Kindness - An Overlooked Virtue
Art Spooner
January 14, 2020
[First United member Art Spooner has provided a "guest evotional" for our consideration this week]
The headline caught my attention: “Stop Trying to Raise Successful Kids”.
I read it again; it still said: “Stop Trying to Raise Successful Kids”.
As a parent, I am hard-wired to help my children become successful. “If I don’t start reading to them while they are young, they won’t be successful.” “If we don’t send them to a good preschool, they won’t be successful.” “If we don’t schedule them into sports and music and Scouting, they won’t be successful.” “If we don’t take them on college visits, they won’t be successful.” In this culture, telling parents to stop trying to raise successful kids is like trying to get water to run uphill (or any other metaphor about expending effort on a mission doomed to fail).
But then I started to read the article. The authors quickly pointed out that 81 percent of children say their parents value achievement and personal happiness over caring for others. We are raising a society where our children are less likely to feel concern for people less fortunate than themselves, where our children are less likely to be bothered by seeing unfairness, where our children feel less personal responsibility to take action themselves. The article states, “If our society is fractured today, some of the blame lies with the values parents have elevated.”

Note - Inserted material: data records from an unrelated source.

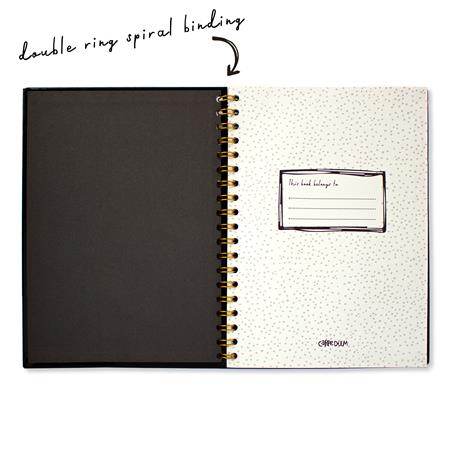 - vysokokvalitný zošit s tvrdou väzbou -dvojitá špirála v zlatej farbe -papier s gramážou 80 g/m² -160 strán -rozmery: 250x187 mm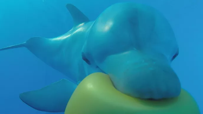 En Floride, au Dolphin Research Center — où a notamment vécu Flipper, le dauphin star de la série télévisée éponyme des années 60 ! —, une équipe scientifique réalise des expériences bluffantes avec les grands dauphins appelés aussi Tursiops, l’une des espèces de cétacés les plus intelligentes. Face à deux tableaux noirs, comptant chacun un nombre différent de points blancs, les animaux parviennent, avec la rapidité d’un humain, à indiquer à leurs soigneurs lequel contient le moins de taches blanches.
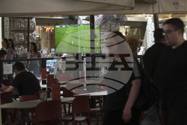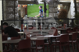 A man sits in a bar with a live streaming of the Women's Euro 2025 semifinal soccer match between England and Italy in downtown Milan, Italy, Tuesday, July 22, 2025. (AP Photo/Antonio Calanni)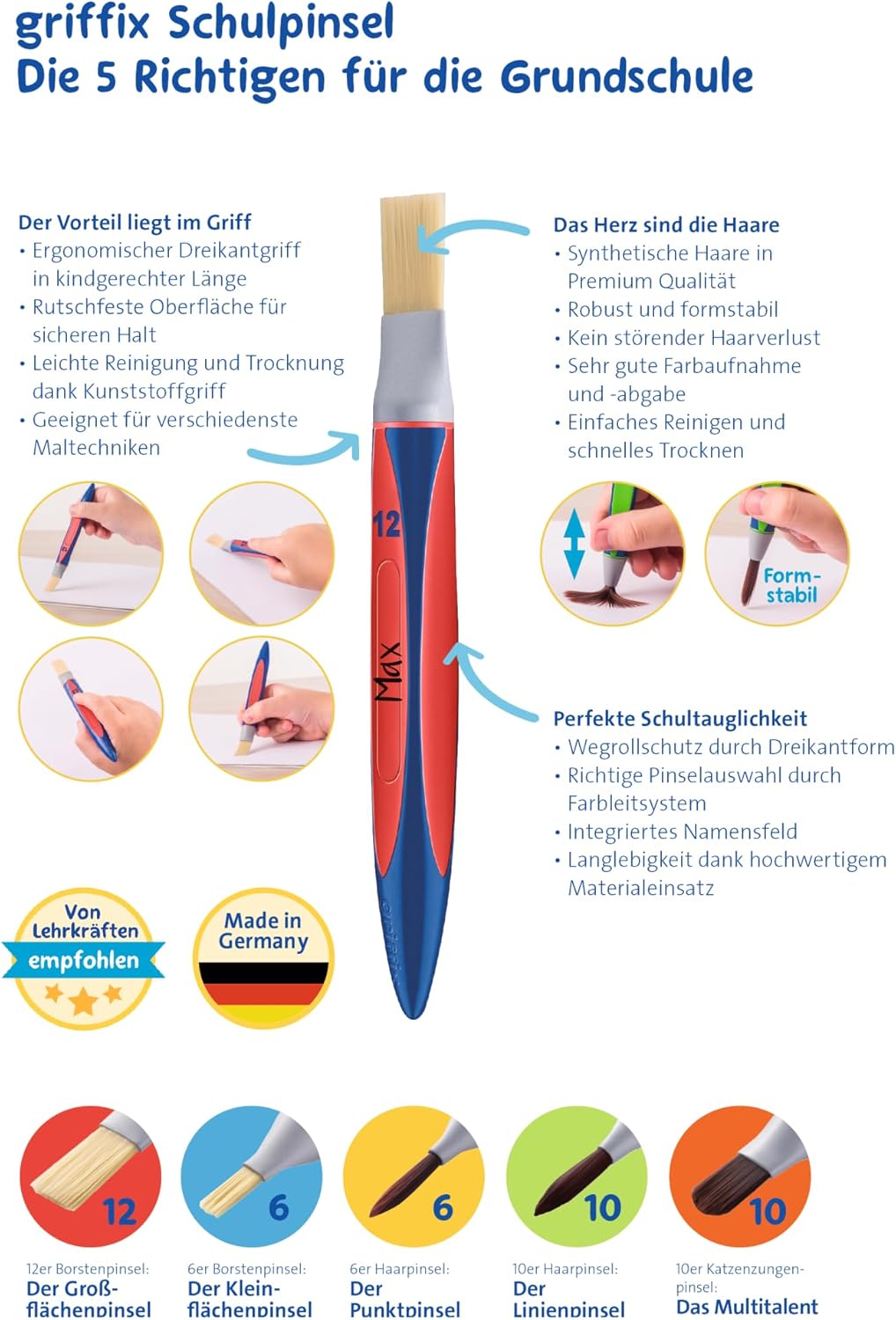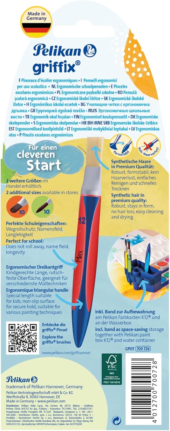 Libertà creativa in un pratico set da 3: i nuovi pennelli Griffix di Pelikan sono la scelta perfetta per le scuole primarie per affrontare tutte le sfide delle lezioni d'arte. Sono adatti per dipingere superfici, punti e linee - completamente in linea con il curriculum e a misura di bambino. Le spazzole Griffix offrono un manico triangolare ergonomico di lunghezza adatta ai bambini e una superficie antiscivolo per una presa sicura. I capelli sintetici sono robusti e dimensionalmente stabili, senza fastidiose perdite di capelli. La forma triangolare ne impedisce il rotolamento e un sistema di codifica a colori facilita la scelta della spazzola giusta. Un campo per il nome integrato garantisce l'ordine e l'assegnazione personale. Contenuto della confezione: 3 spazzole, dimensioni spazzole: 6 (spazzola con setole), 12 (spazzola con setole), 6 (spazzola per capelli).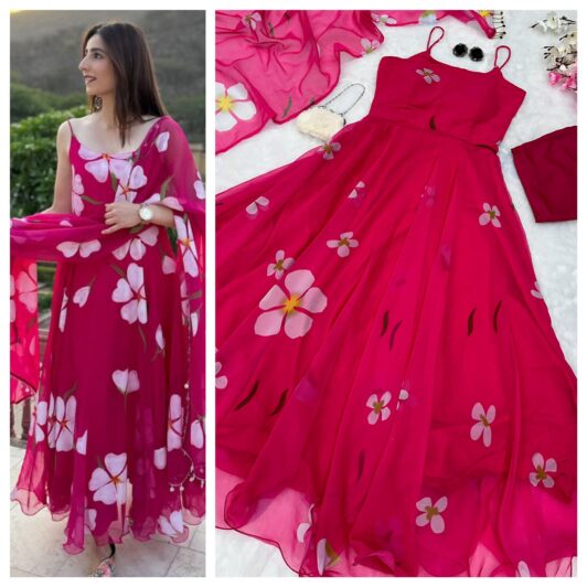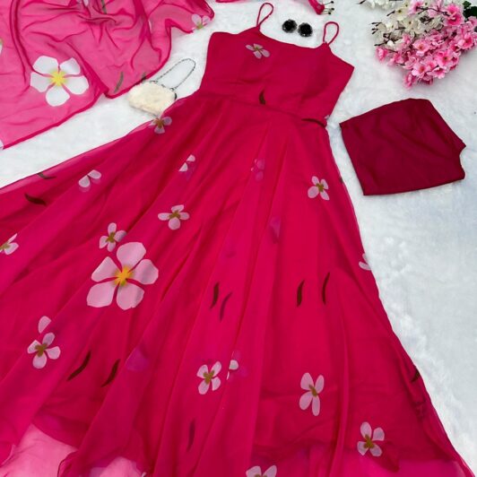 PINK ORGANZA SILK READY MADE ANARKALI STYLE GOWN PREORDER SPECIAL SC161B

The most surprising thing in the article was the correlation between kindness and success. “Boys who are rated as helpful by their kindergarten teacher earn more money 30 years later… Middle-school students who help, cooperate, and share get better grades and standardized test scores... The eighth graders with the greatest academic achievement are the ones who were rated most helpful by their third-grade teachers.”
The authors suggested several strategies to teach the key virtue of kindness. At the dinner table, ask what children and parents have done to help others. Share parents’ experiences with helping others, including the moments when we’ve failed. Talk about problems that came up during the day, and how they were addressed. Give children choices of how they can share, or how they can make new friends, or how they can help.
And then I remembered the verse from Micah chapter 6 – what God wants from us in this life is to do justice,
to love kindness,
and to walk humbly in God’s presence.